Yes, but think about what this calculation is telling you. What it is telling you is that, if the hovering observer sends light signals down to the infalling observer, who reflects them back, then as the infalling observer approaches the horizon, the time the hovering observer has to wait to receive the return signal increases without bound.

But now, suppose that the hovering observer sends light signals which are "time stamped" with the time of emission; and suppose that, when the infalling observer reflects the signals, he adds a second "time stamp" giving the time on his clock at the instant of reflection. Then, as the return signals come back, the hovering observer will see the two time stamps approach finite values, even though the time at which he receives the return signals increases without bound. The finite value approached by the first time stamp (the time of emission) is what Nugatory called "the last point at which the observer at infinity will be able to send a radio message to the infaller and expect a reply". The finite value approached by the second time stamp (the time of reflection) is the proper time on the infaller's clock at which he crosses the horizon.
 
  • #50
wabbit said:
did a calculation for the round trip of a photon from the hovering observer to some point which can be the infalling observer reflecting that photon, and I find that time (proper time of the hoverer) is infinite. So if this is correct, any time in his future, the hoverer will still be receiving messages saying "not crossed yet, getting closer".

The round trip time is always finite, although it becomes arbitrarily large as the infaller gets arbitrarily close to the horizon. When the infaller reaches the horizon, the round trip time isn't infinite - it's undefined, because the light signal doesn't make the round trip at all. But it is a great stretch, and one that I doubt you would accept in any other context, to say that because light from an event never reaches your eyes that event never happens (or doesn't happen until an infinite amount of time has passed).

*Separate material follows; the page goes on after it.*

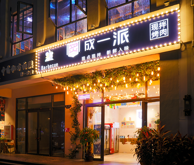 炙成一派作為??谑准椰F(xiàn)拌烤肉,具有明顯的市場先發(fā)優(yōu)勢,在空間中通過氛圍體驗(yàn),品牌訴求,在消費(fèi)者心目中植入現(xiàn)拌烤肉就是炙成一派,將品牌等同于品類。通過空間的視覺體驗(yàn),燈光感受,食物的味道,家具軟裝的觸感體驗(yàn),讓顧客能放松心情,享受美食,有情懷,有情調(diào),有趣味。顧客置身其中,心靈宣泄,釋放壓力,最終產(chǎn)生品牌的粘性和較高的復(fù)購率。
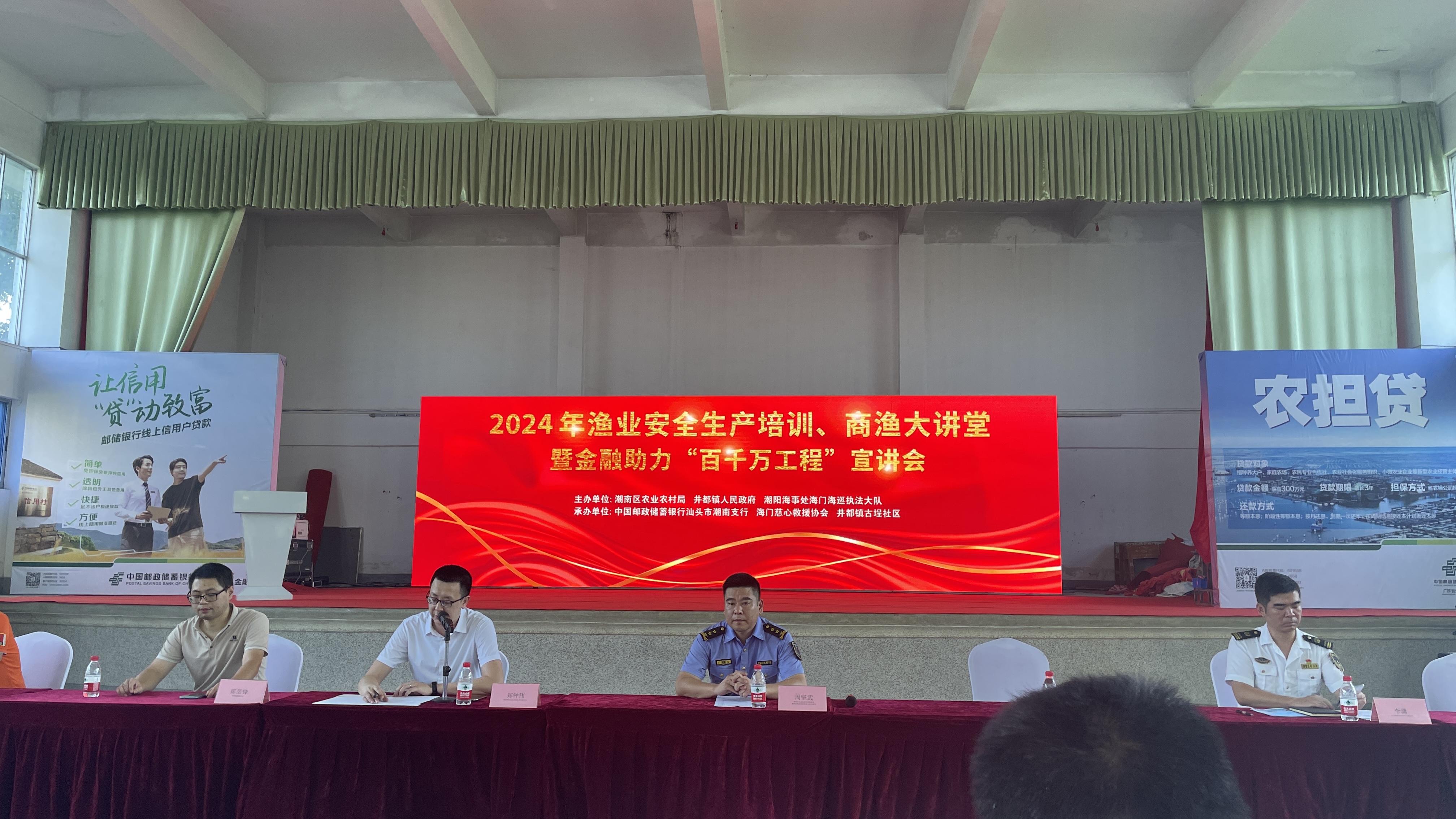 日前,郵儲銀行汕頭市潮南支行聯(lián)合汕頭市潮南區(qū)井都鎮(zhèn)人民政府、汕頭市潮南區(qū)農(nóng)業(yè)農(nóng)村局舉辦2024年漁業(yè)安全生產(chǎn)培訓(xùn)、商漁大講堂暨金融助力“百千萬工程”宣講會。

Suppose that every five seconds you send a time stamped radio message to the infaller, and when he receives it he replies "I saw your message dated <whatever>". You send a sequence of messages reading "12:00:05", "12:00:10", "12:00:15", ... and you receive (perhaps millennia later) messages reading "I saw your 12:00:05 message", and "I saw your 12:00:10 message", but no matter how long you wait you will never ever receive a reply to your "12:00:15" message. I can reasonably describe this as the infaller passing through the horizon sometime between receiving my 12:00:10 message and my 12:00:15 message.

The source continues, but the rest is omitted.